Isolation and primary structure of a cellulase from the Japanese sea urchin Strongylocentrotus nudus

Glycoside-hydrolase-family 9 (GHF9) cellulases are known to be widely distributed in metazoa. These enzymes have been appreciably well investigated in protostome invertebrates such as arthropods, nematodes, and mollusks but have not been characterized in deuterostome invertebrates such as sea squirts and sea urchins. In the present study, we isolated the cellulase from the Japanese purple sea urchin Strongylocentrotus nudus and determined its enzymatic properties and primary structure. The sea urchin enzyme was extracted from the acetone-dried powder of digestive tract of S. nudus and purified by conventional chromatographies. The purified enzyme, which we named SnEG54, showed a molecular mass of 54 kDa on SDS–PAGE and exhibited high hydrolytic activity toward carboxymethyl cellulose with an optimum temperature and pH at 35 °C and 6.5, respectively.
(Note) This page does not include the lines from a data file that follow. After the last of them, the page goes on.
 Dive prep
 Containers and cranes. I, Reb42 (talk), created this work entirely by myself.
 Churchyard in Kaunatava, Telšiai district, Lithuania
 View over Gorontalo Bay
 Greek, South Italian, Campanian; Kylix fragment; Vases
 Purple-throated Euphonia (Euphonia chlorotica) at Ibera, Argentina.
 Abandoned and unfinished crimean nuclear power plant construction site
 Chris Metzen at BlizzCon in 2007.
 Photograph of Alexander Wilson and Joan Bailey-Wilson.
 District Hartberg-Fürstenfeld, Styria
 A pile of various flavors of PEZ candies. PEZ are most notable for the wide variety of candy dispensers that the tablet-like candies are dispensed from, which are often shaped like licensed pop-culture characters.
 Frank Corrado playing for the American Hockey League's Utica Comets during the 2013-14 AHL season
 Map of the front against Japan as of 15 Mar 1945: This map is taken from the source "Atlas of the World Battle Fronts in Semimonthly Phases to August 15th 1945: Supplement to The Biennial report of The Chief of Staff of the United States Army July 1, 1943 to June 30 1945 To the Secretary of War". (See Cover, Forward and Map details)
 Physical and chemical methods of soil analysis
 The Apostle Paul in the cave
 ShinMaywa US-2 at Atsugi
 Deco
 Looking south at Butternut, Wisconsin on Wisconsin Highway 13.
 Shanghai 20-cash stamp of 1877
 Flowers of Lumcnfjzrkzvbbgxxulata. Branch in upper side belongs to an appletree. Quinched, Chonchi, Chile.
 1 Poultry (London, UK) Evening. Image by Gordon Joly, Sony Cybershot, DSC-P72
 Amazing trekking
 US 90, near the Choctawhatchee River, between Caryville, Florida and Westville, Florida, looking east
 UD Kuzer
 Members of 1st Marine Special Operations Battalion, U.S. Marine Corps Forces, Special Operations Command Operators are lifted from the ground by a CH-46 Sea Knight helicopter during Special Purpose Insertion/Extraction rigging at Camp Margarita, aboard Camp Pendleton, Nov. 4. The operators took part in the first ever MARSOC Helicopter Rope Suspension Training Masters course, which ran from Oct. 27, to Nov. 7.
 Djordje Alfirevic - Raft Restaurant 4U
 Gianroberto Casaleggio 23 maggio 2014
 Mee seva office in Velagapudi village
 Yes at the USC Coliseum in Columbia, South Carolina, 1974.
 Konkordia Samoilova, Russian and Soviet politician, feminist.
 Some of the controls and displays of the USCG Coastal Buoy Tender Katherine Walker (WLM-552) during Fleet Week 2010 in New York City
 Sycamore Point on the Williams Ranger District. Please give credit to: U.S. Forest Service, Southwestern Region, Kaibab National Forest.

SnEG54 degraded cellulose polymer and cellooligosaccharides larger than cellotriose producing cellotriose and cellobiose but not these small cellooligosaccharides. From a cDNA library of the digestive tract we cloned 1822-bp cDNA encoding the amino-acid sequence of 444 residues of SnEG54. This sequence showed 50–57% identity with the sequences of GHF9 cellulases from abalone, sea squirt, and termite. The amino-acid residues crucial for the catalytic action of GHF9 cellulases are completely conserved in the SnEG54 sequence. An 8-kbp structural gene fragment encoding SnEG54 was amplified by PCR from chromosomal DNA of S. nudus. The positions of five introns are consistent with those in other animal GHF9 cellulase genes. Thus, we confirmed that the sea urchin produces an active GHF9 cellulase closely related to other animal cellulases.